To submit a legal/professional nursing question for future consideration, write to the editor at syox@medscape.net (Include "Ask the Expert" in subject line.)

Question

Which physician orders must be discontinued specifically by the ordering physician or other clinician who is authorized to write orders? For example: A physician writes a telemetry monitoring order. The patient refuses it, so the nurse discontinues it without a physician signature. Or a physician orders vital signs every 2 hours and also has another order for every 8 hours. The nurse discontinues one of these orders without a physician signature. We use an electronic medical record that allows the nurse to "clean up Kardexes" by discontinuing old physician orders without a physician signature for discontinuation. Legally speaking, can any orders be discontinued by a nurse without a physician signature?

 
Carolyn Buppert, MSN, JD
Healthcare attorney

Only a physician or other provider authorized by state law to write physician orders has the legal authority to discontinue a physician order.
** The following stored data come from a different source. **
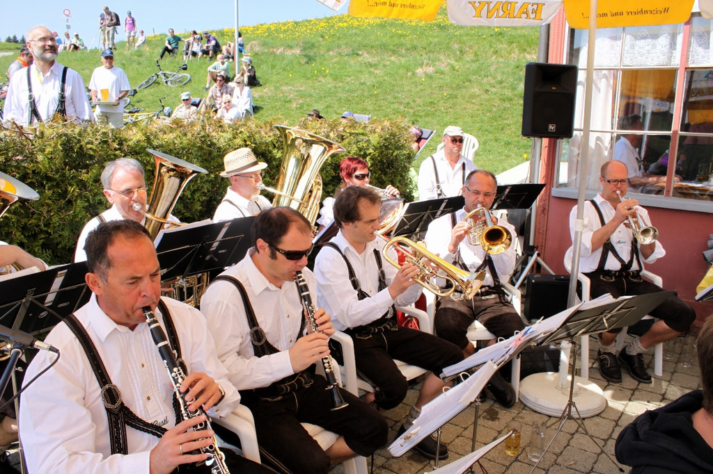 So ist die Stimmung beim Bergfrühschoppen mit den "Lochauer Bierblosn"
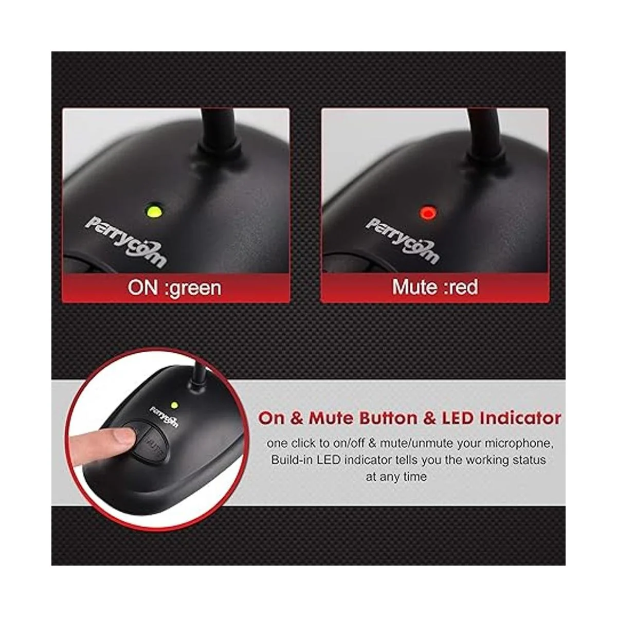 Botón de encendido y silencio e indicador LED: un clic para encendido/apagado y silenciar tu micrófono, indicador LED integrado que te indica el estado de trabajo en cualquier momento
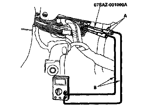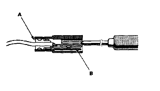 3. If you cannot get to the wire side of the connector or the wire side is sealed (A), disconnect the connector and probe the terminals (B) from the terminal side. Do not force the probe into the connector.
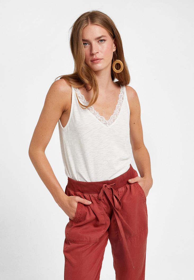 Krem V Yaka Dantel Detaylı Atlet
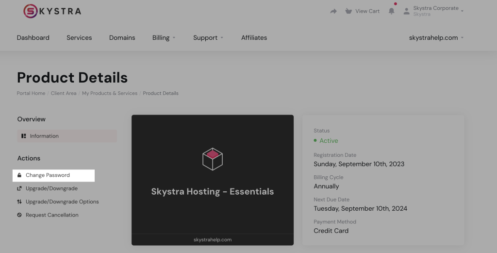 3. Click on Change Password under Actions
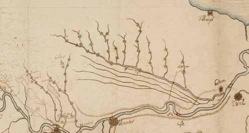 Uitsnede van een grote Veluwekaart. De ‘Nieuwe Rijn’ waarmee hertog Karel van Gelre in 1502 begon maar moest stoppen staat ingetekend (zie witte pijl), hopend op betere tijden. Op latere kaarten is dit nieuwe stuk kanaal in de herinnering weggezakt. Christian Sgrooten, schaal circa 1:115.000.
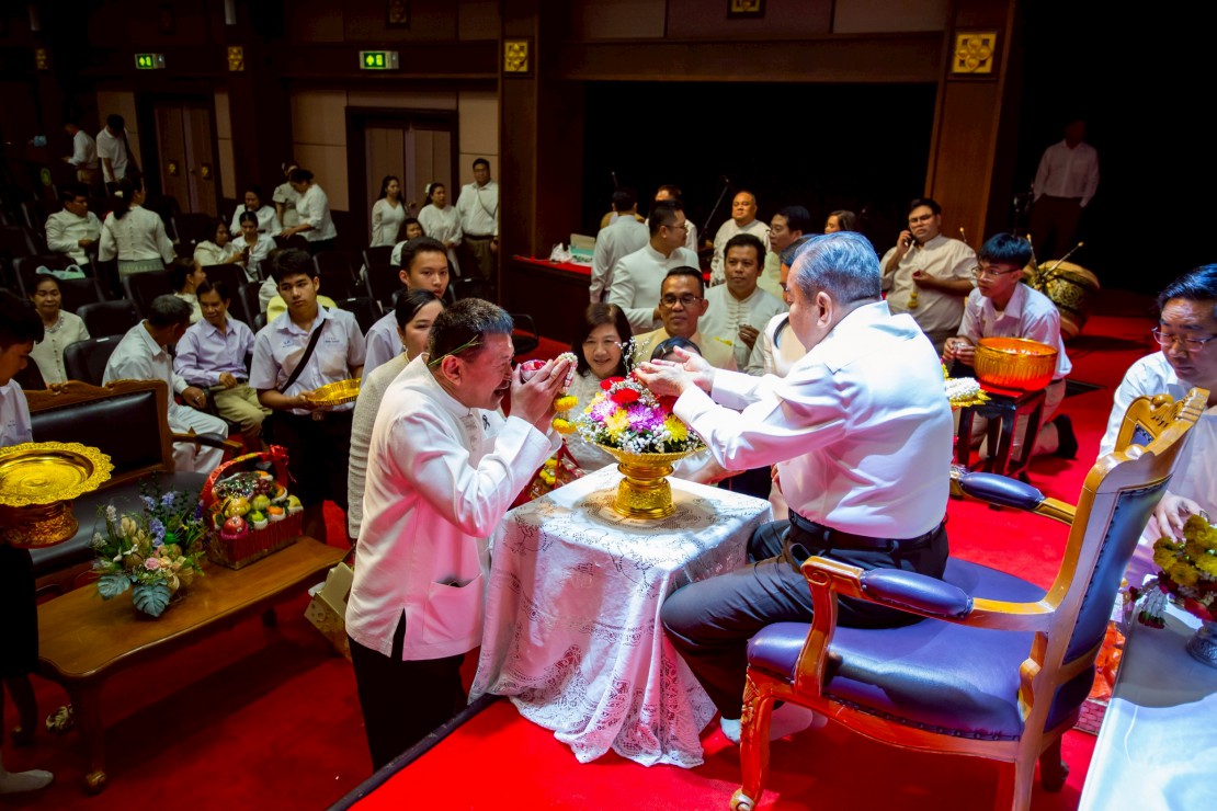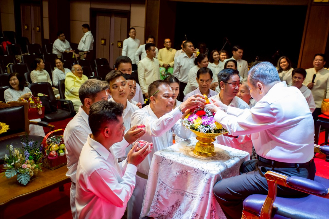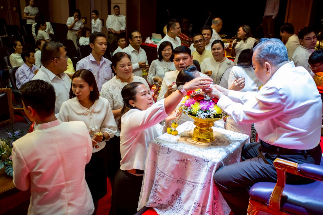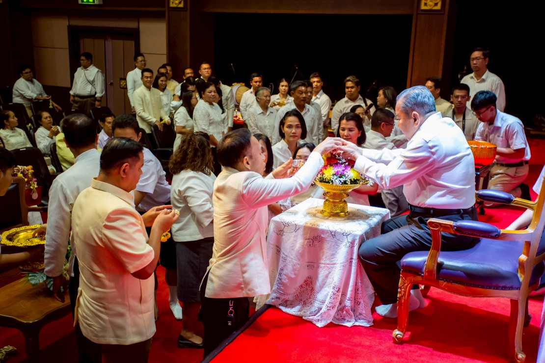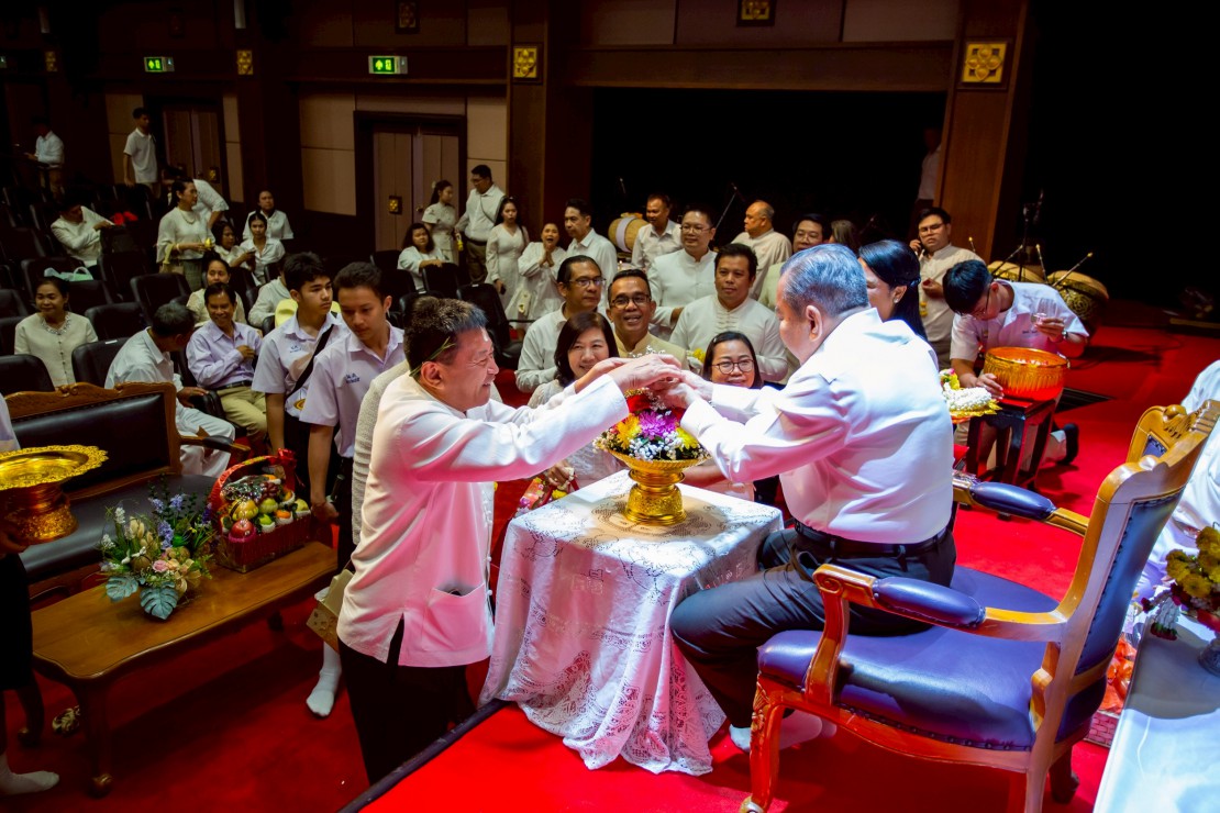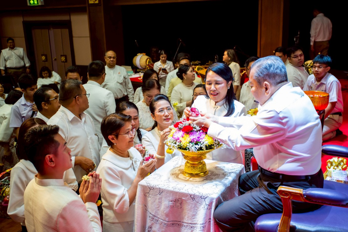 ผู้ช่วยศาสตราจารย์ ดร.สมเกียรติ ภูมิภักดิ์ อธิการบดีสถาบันบัณฑิตพัฒนศิลป์ นำคณะผู้บริหาร คณาจารย์ และบุคลากร ร่วมพิธีรดน้ำขอพร ดร.สิริชัยชาญ ฟักจำรูญ ศิลปินแห่งชาติ สาขาศิลปะการแสดง (ดนตรีไทย) พุทธศักราช ๒๕๕๗ และผู้เชี่ยวชาญด้านดนตรีไทย เนื่องในโอกาสเทศกาลสงกรานต์ ประจำปี 2569 เพื่อความเป็นสิริมงคล พร้อมสืบสานประเพณีอันดีงามของไทย และแสดงถึงความเคารพกตัญญูต่อผู้ใหญ่และครูผู้ถ่ายทอดองค์ความรู้ ในวันที่ 23 เมษายน 2569 ณ โรงละครวังหน้า สถาบันบัณฑิตพัฒนศิลป์ (วังหน้า)
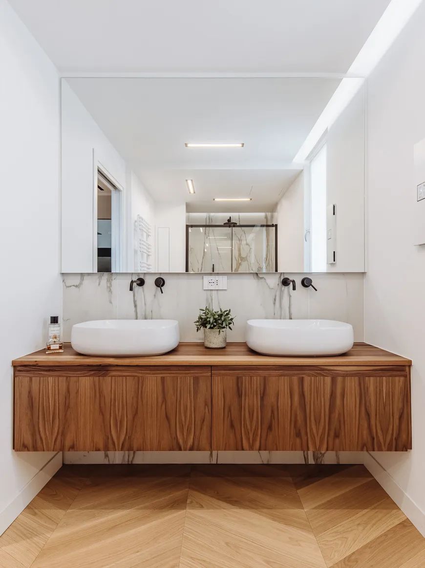 一楼的卫生间采用了双台盆设计。木质台盆柜的自然感和香氛的都市感,达成了微妙的平衡。
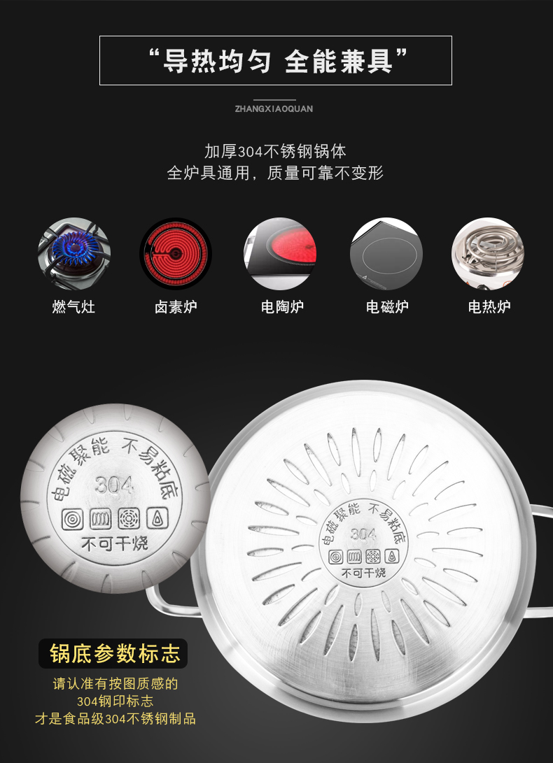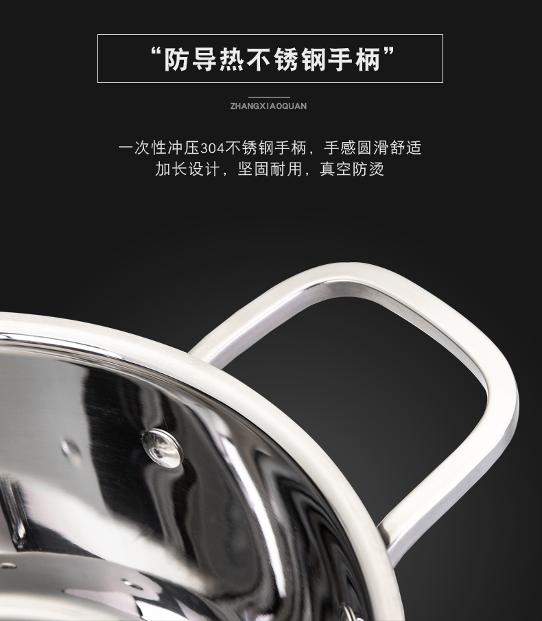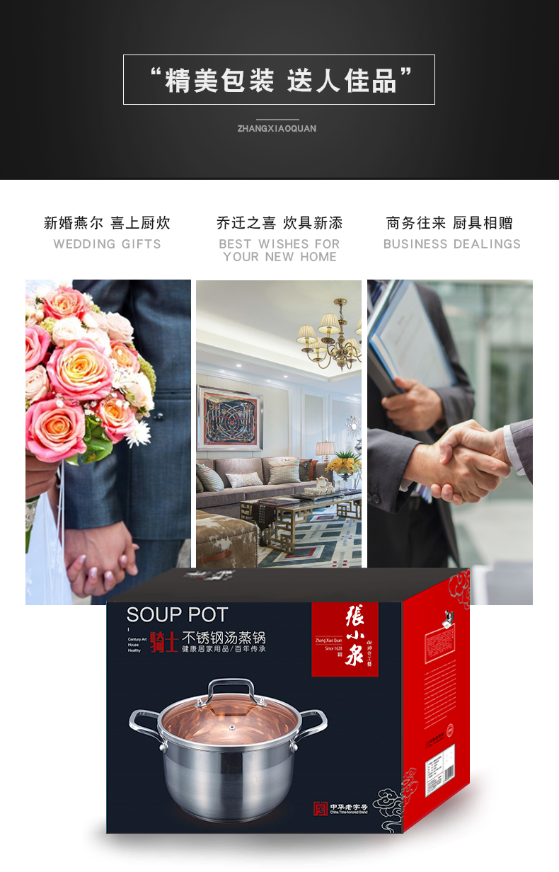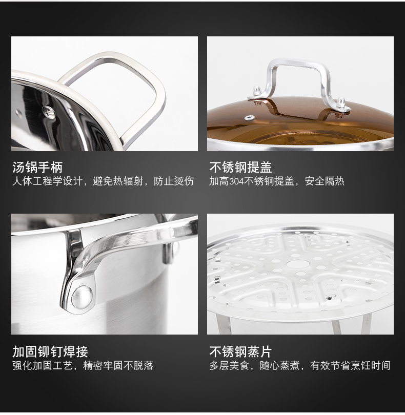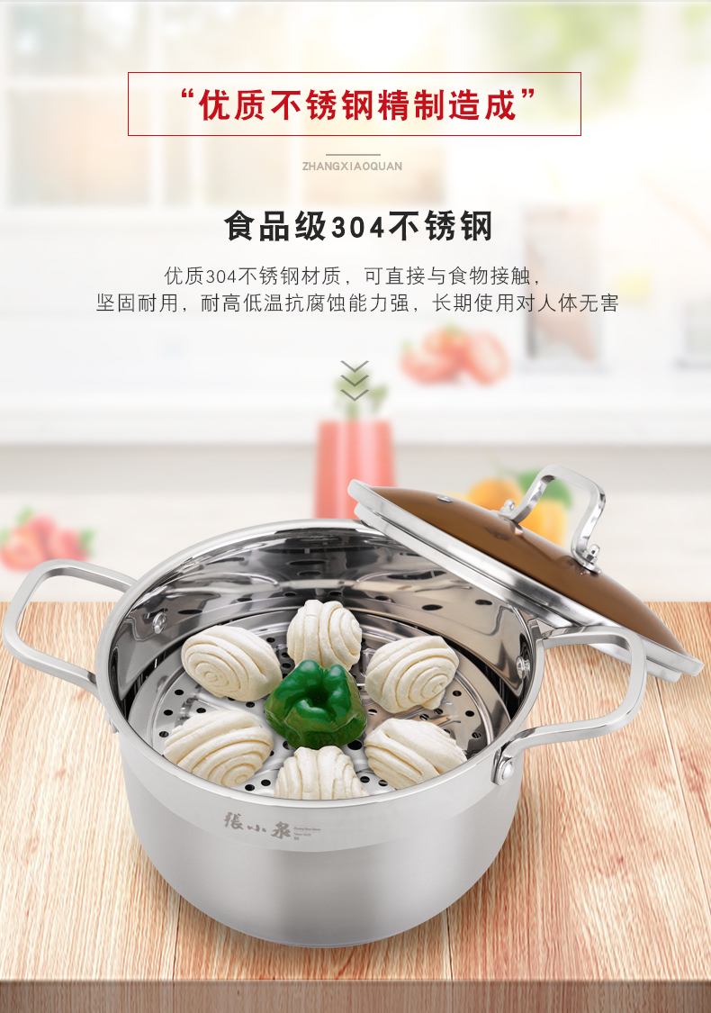 品牌:张小泉 品名:骑士不锈钢汤蒸锅 材质:优质304不锈钢,钢化玻璃盖 规格:22cm 适用:煤气炉、电炉、电陶炉、卤素炉 装箱数:16支/箱 毛重:32.5kg 外箱尺寸: 57cm*56cm*64cm 产品特点: 1、优美流线型设计,造型美观。 2、全304不锈钢,钢化茶色玻璃盖,优质材料,做工精致,完美细节。 3、用途多。可煲汤,煮牛奶,蒸鸡蛋、面包、馒头等。 4、特制奶锅蒸格。 5、不挑灶具,适合各类灶具。

In no state is a registered nurse authorized to write, or discontinue, physician orders. A nurse who is assigned to "clean up Kardexes" must get a physician to make a decision and enter the discontinuation orders in the patient's record.

To understand the risks to the nurse of discontinuing orders, let's discuss the example of two conflicting orders for vital signs that you have experienced. Let's say a nurse followed the order for vital signs every 8 hours and took vitals at 3:30 p.m. with a plan for another set at 11:30 p.m. The patient was found unresponsive at 10:30 p.m. and pronounced dead. The family sued the hospital.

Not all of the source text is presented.